Figure 3. An observer taking a near-surface air temperature measurement in the 1960s. Courtesy KNMI.

Understanding what is going on at the poles, where there are few in situ measurements, but many satellite measurements is vital for preserving the fragile ecosystems that exist there. Jacob Hoyer from the Danish Meteorological Institute, and another EUSTACE work package leader, comments: “This is the first time we have calculated near-surface air temperature from satellite over sea ice and the first time it has been done in a systematic way over all ice caps with this many data.”

Combining terabytes of data needs efficient code and good infrastructure. Ag Stephens from the Science and Technology Facilities Council’s Centre for Environmental Data Analysis (CEDA) understands this very well: “EUSTACE created a state-of-the-art ‘big data’ processing pipeline. Providing a reproducible pipeline, with a number of processing stages, is challenging. From the start, EUSTACE has tried to keep track of what it is doing at each stage, tagging data to specific releases of the code.” All the EUSTACE products are accessible from CEDA.

EUSTACE was a proof of concept, and we have learned plenty during the ten years from the original EarthTemp Network concept through to the delivery of the EUSTACE global daily analysis.  It was not perfect and, in hindsight, there have inevitably been things we might have done differently.

The combination of weather station measurements with air temperature estimates from satellite data has boosted the amount of information available in many places.
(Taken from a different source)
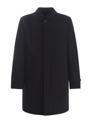 Giaccone Herno in nylon di colore Nero. Collo camicia con gancio. Maniche lunghe. Dettaglio bottoni alle maniche. Chiusura con bottoni nascosti. Tasche a filo laterali. Patch logo applicato di lato. Fodera 100% Nylon100% PoliestereMade in Romania
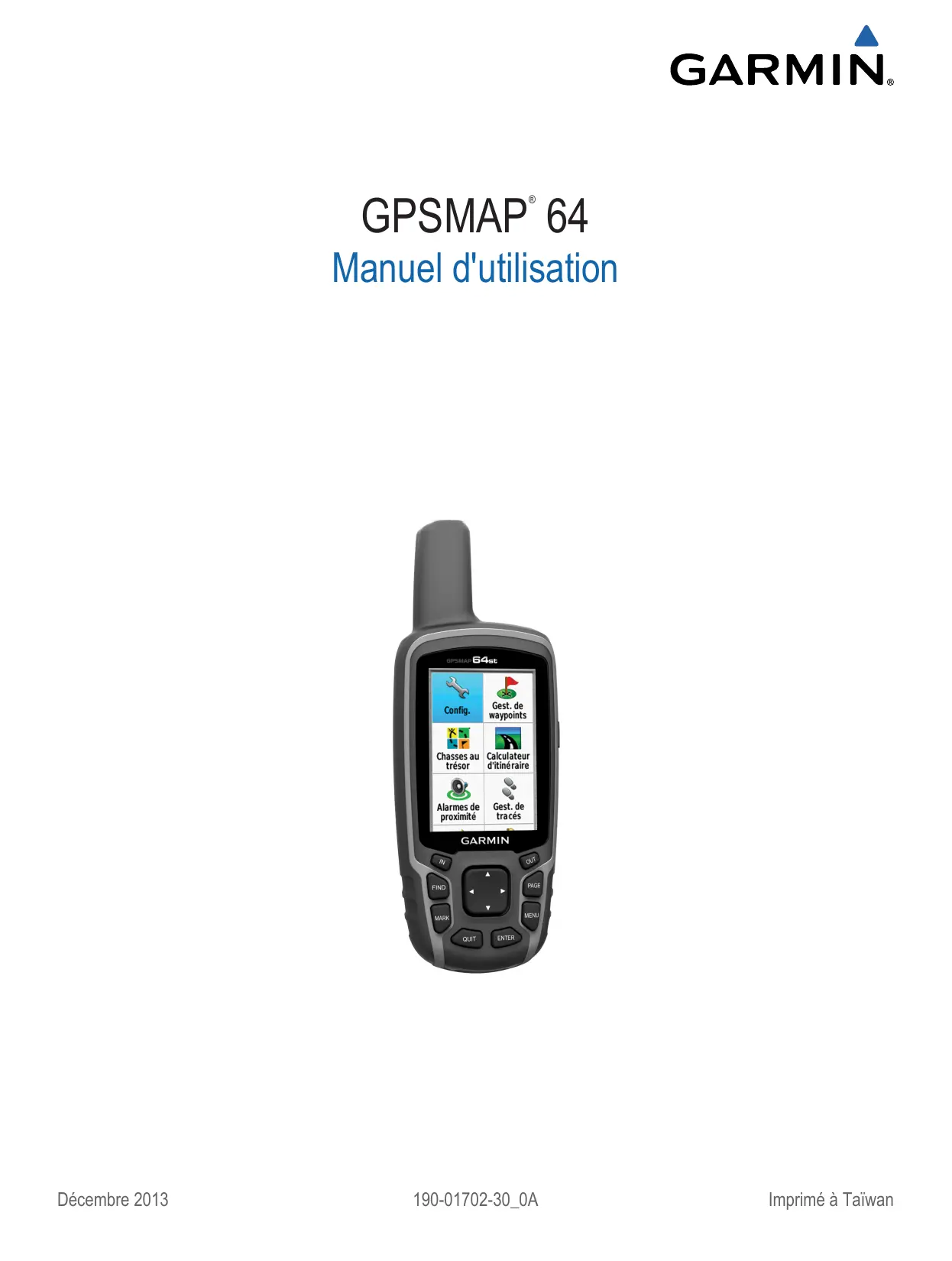 GARMIN. GPSMAP 64 Manuel d'utilisation Décembre 2013 190-01702-30_0A Imprimé à Taïwan

However, in locations where we have access to few daily in situ measurements, for example in Africa, we were unable to efficiently correct biases in our estimates of air temperature from satellites (underscoring the importance of data sharing and data recovery). Also, prior to 1895, we currently have access to few daily weather station measurements, so the analysis is less reliable then than data sets based on more plentiful monthly average data.  Good availability of in situ measurements is key to producing long-term, well-understood and well-validated climate data sets. More funding is needed for making in situ measurements in harder-to-reach places (and recovering data from paper archives). As a global community we need to share more of our measurements openly, so that we can work together to create the products and services that we all need to understand the world’s vulnerability to weather and climate change.

 

1EUSTACE has received funding from the European Union's Horizon 2020 Programme for Research and Innovation, under Grant Agreement no. 640171.